The unique thing about the Comet Interceptor is that it will already be lying in wait for its target. After launch, it will travel to the Sun-Earth Lagrange 2 (L2) point. It will enter a halo orbit and await further instructions. ESA can wait until the VRO detects a desirable target on the correct trajectory and can activate the Comet Interceptor.

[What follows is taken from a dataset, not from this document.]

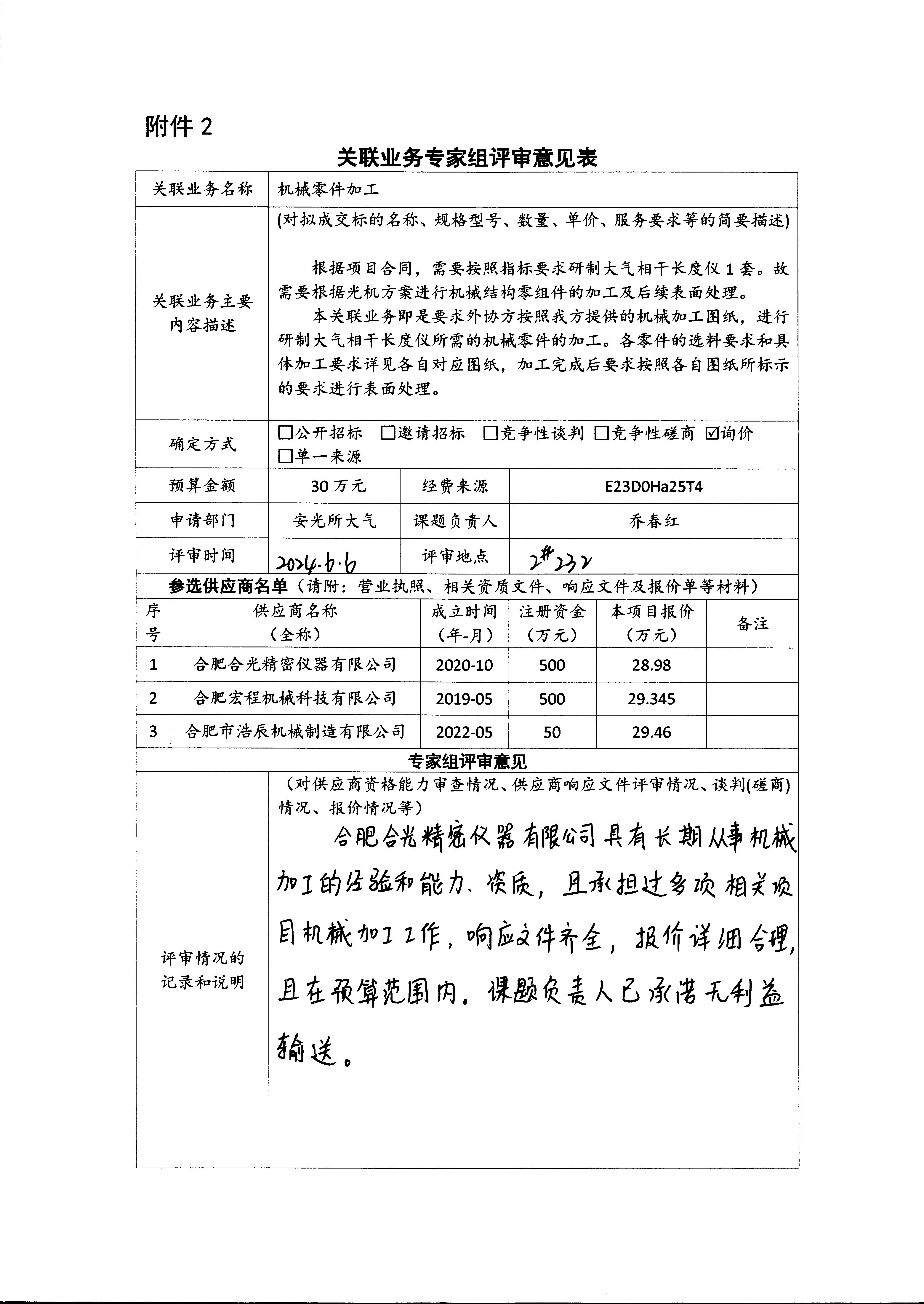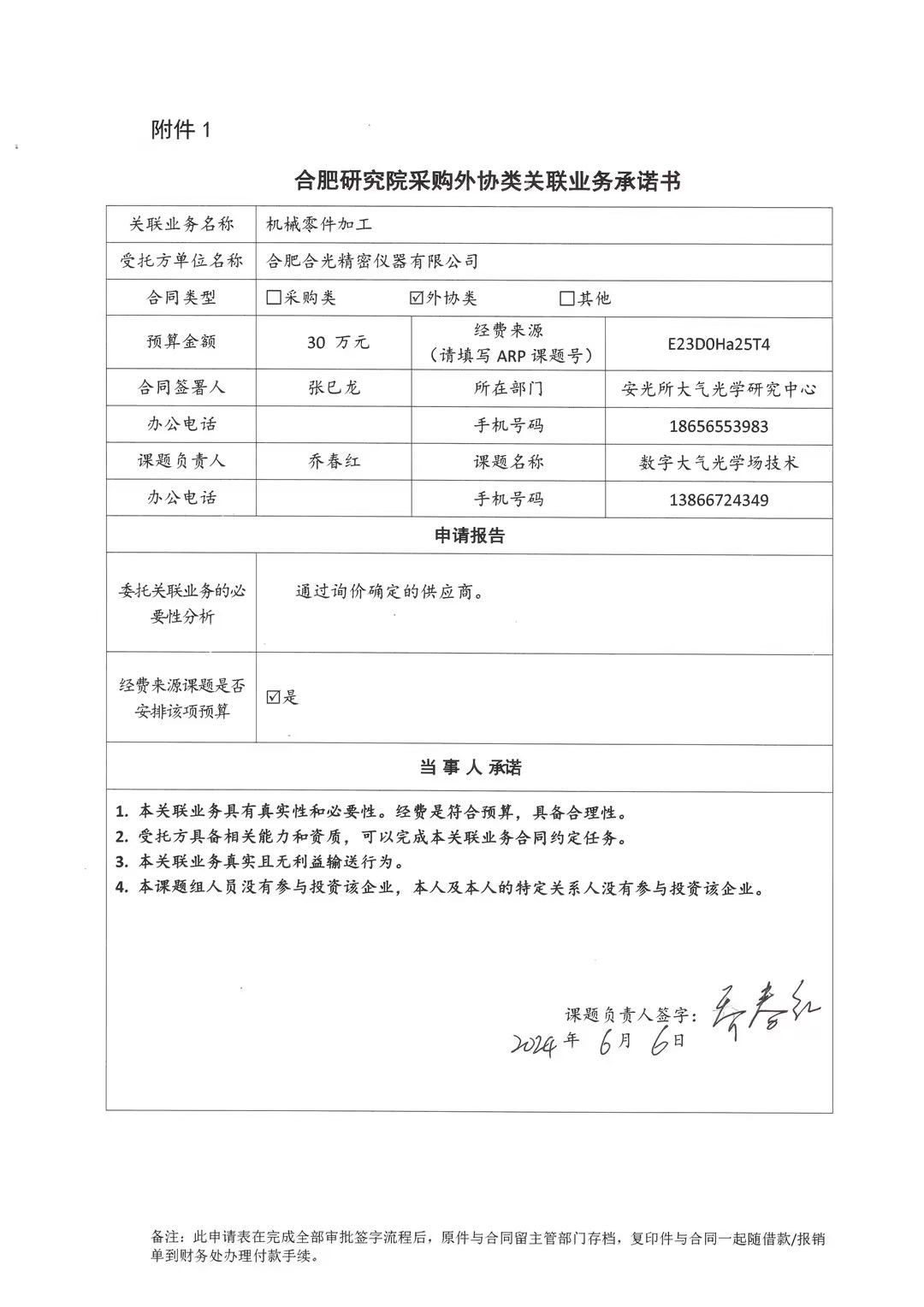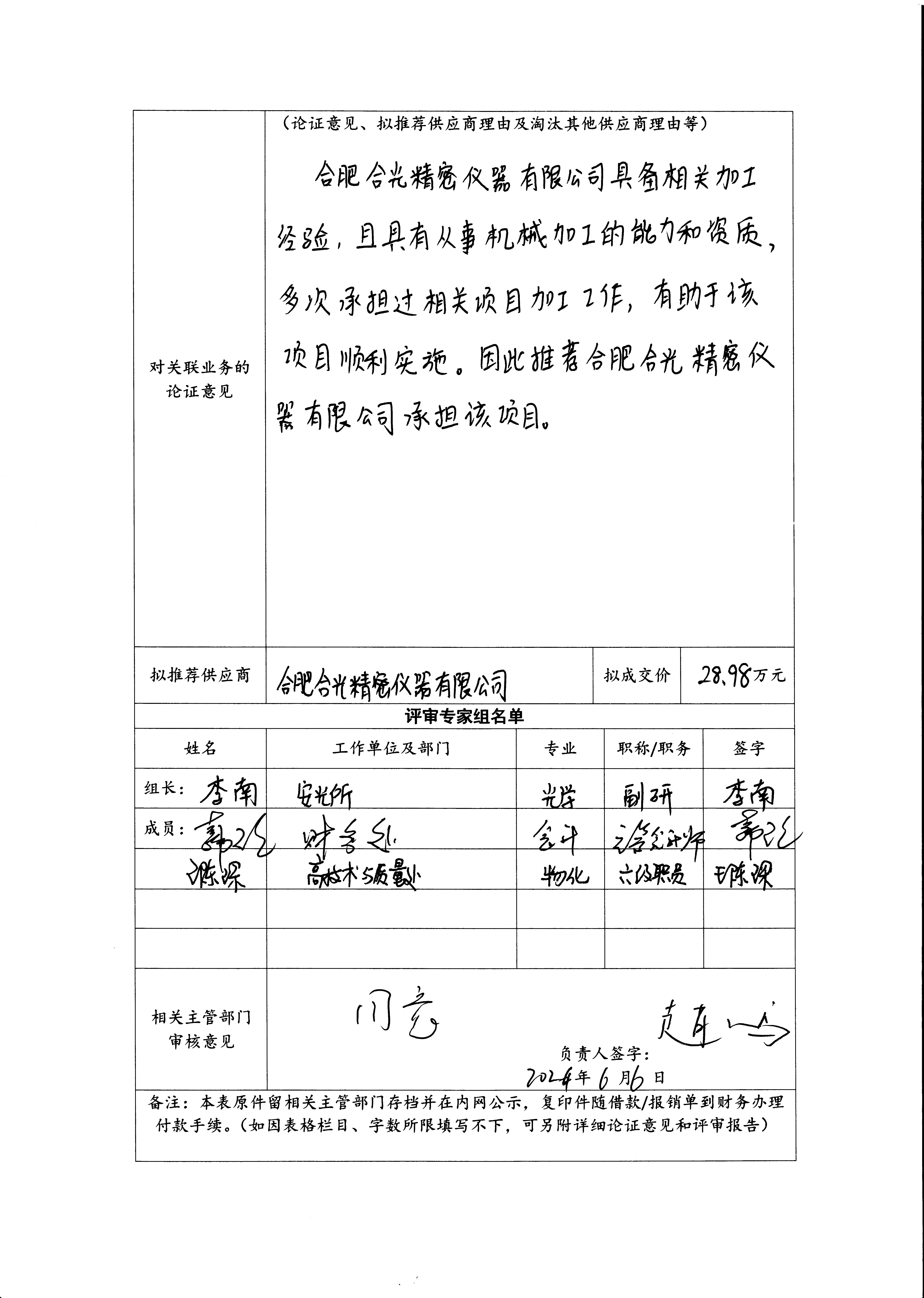 根据《中国科学院关于加强科研项目关联业务管理的暂行规定》(科发条财字〔2015〕125号)、《中国科学院合肥物质科学研究院关于加强科研项目关联业务管理的实施细则》(科合院发资字〔2021〕8号)、《合肥研究院加强关联业务管理暂行办法》(科合院发资字〔2022〕1号)要求,现就我院委托合肥合光精密仪器有限公司进行机械零件加工进行关联业务公示。

NASA’s Lucy mission shows how advanced knowledge of objects in the Solar System enables powerful missions. Lucy relies on accurate observations of Solar System objects and will visit several asteroids traveling through the Solar System’s interior, using Earth as a gravitational aid on three separate occasions. Detailed knowledge of the Solar System inspired and enabled Lucy’s mission.

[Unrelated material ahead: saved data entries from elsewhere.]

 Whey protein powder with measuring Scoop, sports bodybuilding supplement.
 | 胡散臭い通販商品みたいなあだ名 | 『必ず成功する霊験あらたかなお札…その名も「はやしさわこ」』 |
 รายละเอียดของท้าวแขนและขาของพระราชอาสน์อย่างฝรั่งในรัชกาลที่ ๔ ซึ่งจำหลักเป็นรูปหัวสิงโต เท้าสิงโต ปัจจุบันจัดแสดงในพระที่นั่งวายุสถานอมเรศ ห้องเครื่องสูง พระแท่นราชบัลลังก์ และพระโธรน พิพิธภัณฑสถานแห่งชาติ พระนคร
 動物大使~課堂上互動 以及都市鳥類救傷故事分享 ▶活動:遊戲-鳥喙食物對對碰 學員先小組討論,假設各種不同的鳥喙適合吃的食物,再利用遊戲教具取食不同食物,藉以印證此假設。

Comet Interceptor, or another similar mission, will not need such a complex path. But like Lucy, it will be based on insightful observations, something the VRO and LSST will provide in great depth.
LSST won’t just enable missions like the Comet Interceptor. This will inspire new ones that we cannot yet imagine. This is because we still don’t know what the Research will reveal. It can reveal regions of objects that behave in ways we haven’t seen before, or types of grouped objects that have remained invisible.
“If you think of Rubin looking at a beach, you will see millions and millions of individual grains of sand that together make up the entire beach,” said Eggl, “There could be an area of yellow sand, or black volcanic sand, and a space mission to an object in that region could investigate what makes it different. We often don’t know what is strange or interesting unless we know the context in which it is found. With our current telescopes, we have essentially been looking at the big rocks on the beach,” says Eggl, “but Rubin will zoom in on the finer grains of sand.”
The Jupiter Trojan asteroids that Lucy will visit are a good example of this. This type of asteroid was predicted to exist in the 1770s, but the first one was not seen until more than a century later. Even then, no one was sure it was actually a Trojan asteroid until nearly another century had passed. Now, astronomers know there are thousands of them.
Similarly, our knowledge of ISOs could become much more complete when LSST comes into operation. A whole new window for ISOs could open. Astronomers can discern patterns in their trajectories and composition that lead to a new understanding of their origins. If Comet Interceptor or a similar mission is sent to one of them, we will learn more about how planetary systems form, including our own.
Not everything in our Solar System formed where we see it today. Some bodies have been captured, such as Neptune’s moon Triton, which is likely a captured Kuiper Belt object. Astronomers think it is highly likely that some of the objects in our Solar System are captured ISOs. VRO and the missions it inspires could identify these objects.
New observations lead to new questions and new missions designed to answer them. This is an old pattern in our quest to understand nature.
Who knows what the VRO will see and what future missions its discoveries will lead to?